--- DATA SHOWN ---
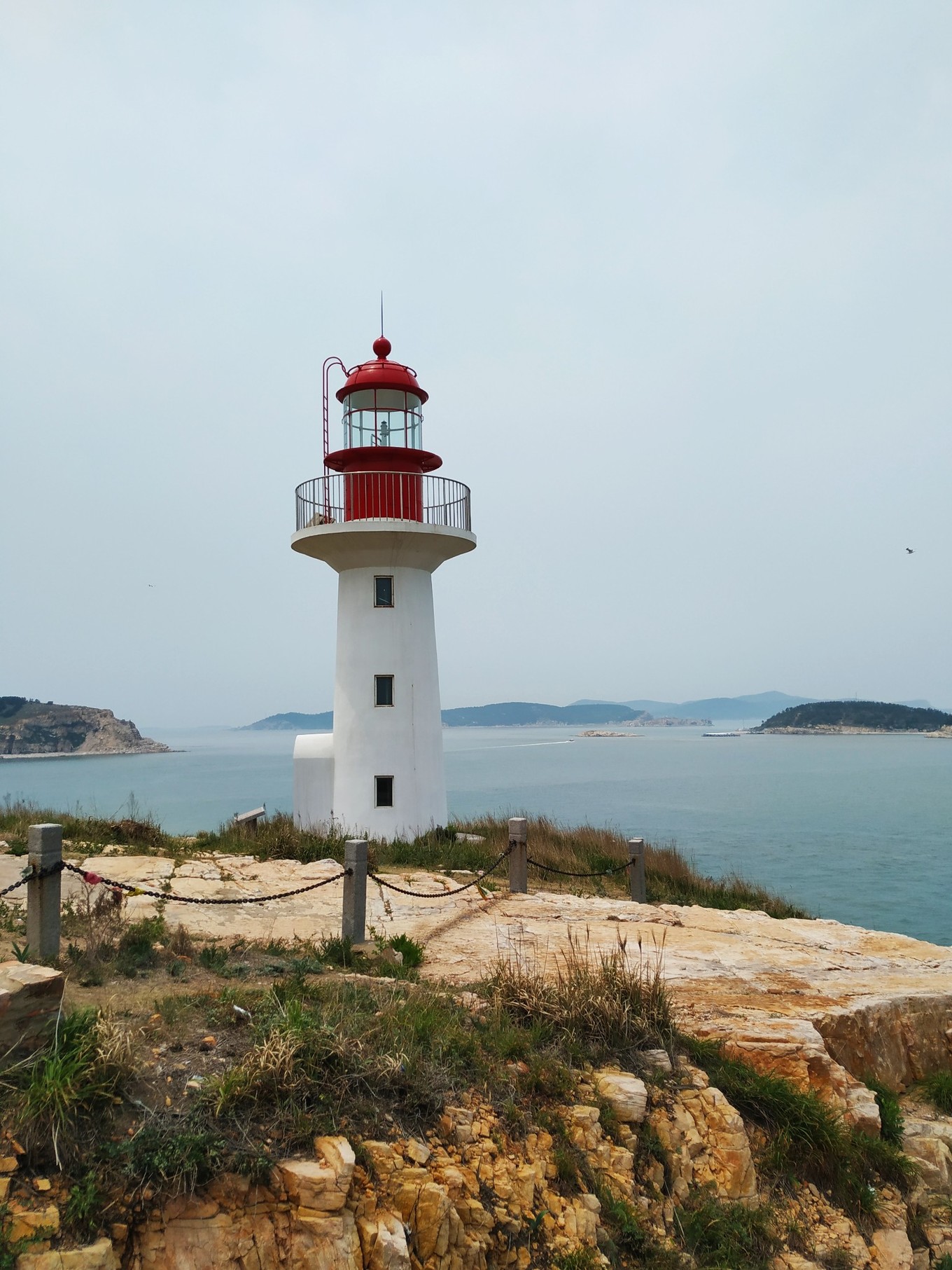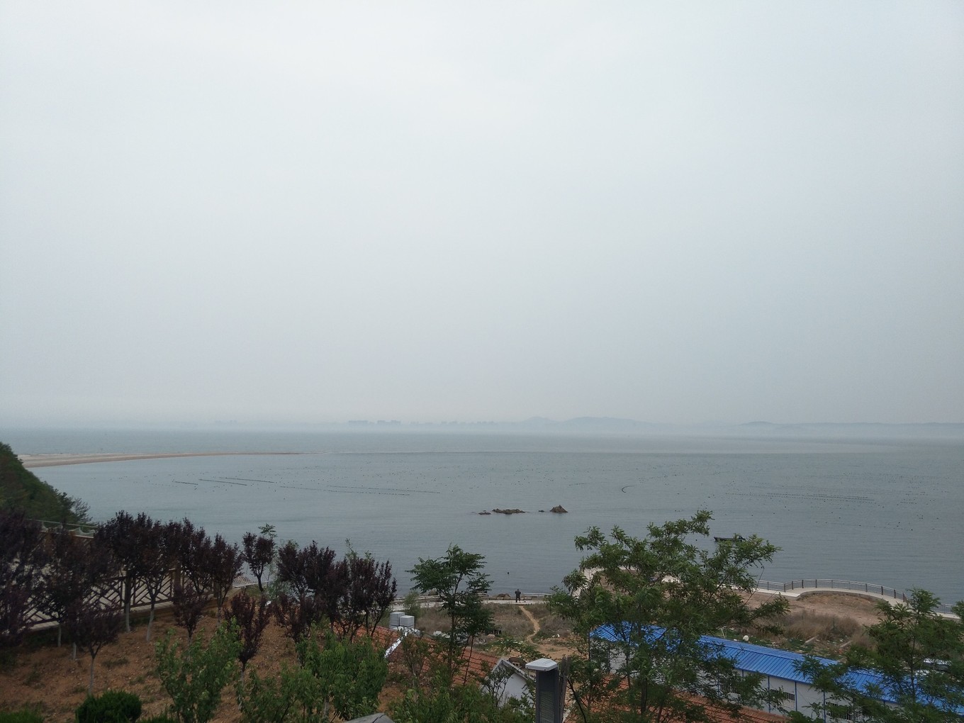 說實話這個景點,沒搞清楚咋回事,一輛福特中巴拉著大家在山上神跑(30元/人),山上停車3分鐘,讓大家拍一下長島縣的全貌,然后在海邊公路上停3分鐘,拍神龜(遠處山石頭像龜),拍獅子(遠處一塊山石頭像獅子),然后一路開到益處景點看黃渤海分界線,此景點不懼旅游價值。游完仙境緣后我們返航至蓬萊港,導游比較負責,安排客車師傅把我們送到酒店。
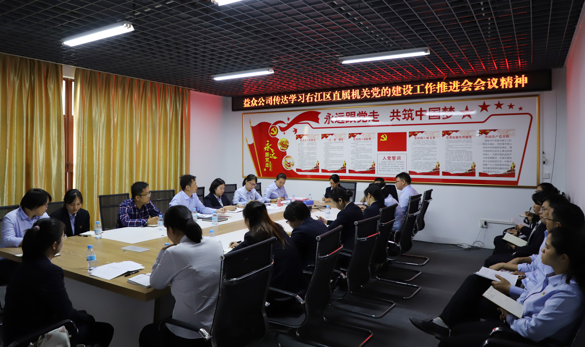 ????????會議要求,一是要狠抓思想建設(shè),注重激發(fā)全員主動參與黨建的積極性。強(qiáng)化黨員身份意識,自覺在思想上、行動上同右江區(qū)委保持高度一致,發(fā)揮主觀能動性,積極主動參與黨建工作;二是要狠抓政治建設(shè),注重加強(qiáng)國有企業(yè)黨建各項工作,堅決在黨的領(lǐng)導(dǎo)下落實開展各項經(jīng)濟(jì)指標(biāo)建設(shè)工作;三是要狠抓規(guī)范化建設(shè),提升企業(yè)職工的規(guī)范化意識;四是要狠抓特色建設(shè),注重涵養(yǎng)“紅色文化浸潤、紅色基因傳承”黨建精神品質(zhì),總結(jié)挖掘國有獨資企業(yè)黨建內(nèi)涵;五是要狠抓法治建設(shè),確保企業(yè)各項經(jīng)營活動合法合規(guī)。
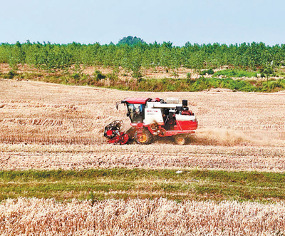 一片金黃的麥田里,撥禾輪轉(zhuǎn)動,麥芒飛揚,麥粒傾瀉而下……就在23日,蔡華從早忙到晚,沒敢停歇:“預(yù)報有雨,我得趕緊把客戶家的80多畝地收完?!碧烊谙聛?,他才把收割機(jī)停進(jìn)車棚,麥香味瞬間涌進(jìn)小院。累了一整天,剛吃完飯,蔡華又和妻子張秀蘭盤算起出發(fā)的行頭:對講機(jī)、收款二維碼……
---
Each line of the data is to be duplicated exactly; pictures stay out of the copy.

 說實話這個景點,沒搞清楚咋回事,一輛福特中巴拉著大家在山上神跑(30元/人),山上停車3分鐘,讓大家拍一下長島縣的全貌,然后在海邊公路上停3分鐘,拍神龜(遠處山石頭像龜),拍獅子(遠處一塊山石頭像獅子),然后一路開到益處景點看黃渤海分界線,此景點不懼旅游價值。游完仙境緣后我們返航至蓬萊港,導游比較負責,安排客車師傅把我們送到酒店。
 ????????會議要求,一是要狠抓思想建設(shè),注重激發(fā)全員主動參與黨建的積極性。強(qiáng)化黨員身份意識,自覺在思想上、行動上同右江區(qū)委保持高度一致,發(fā)揮主觀能動性,積極主動參與黨建工作;二是要狠抓政治建設(shè),注重加強(qiáng)國有企業(yè)黨建各項工作,堅決在黨的領(lǐng)導(dǎo)下落實開展各項經(jīng)濟(jì)指標(biāo)建設(shè)工作;三是要狠抓規(guī)范化建設(shè),提升企業(yè)職工的規(guī)范化意識;四是要狠抓特色建設(shè),注重涵養(yǎng)“紅色文化浸潤、紅色基因傳承”黨建精神品質(zhì),總結(jié)挖掘國有獨資企業(yè)黨建內(nèi)涵;五是要狠抓法治建設(shè),確保企業(yè)各項經(jīng)營活動合法合規(guī)。
 一片金黃的麥田里,撥禾輪轉(zhuǎn)動,麥芒飛揚,麥粒傾瀉而下……就在23日,蔡華從早忙到晚,沒敢停歇:“預(yù)報有雨,我得趕緊把客戶家的80多畝地收完?!碧烊谙聛?,他才把收割機(jī)停進(jìn)車棚,麥香味瞬間涌進(jìn)小院。累了一整天,剛吃完飯,蔡華又和妻子張秀蘭盤算起出發(fā)的行頭:對講機(jī)、收款二維碼……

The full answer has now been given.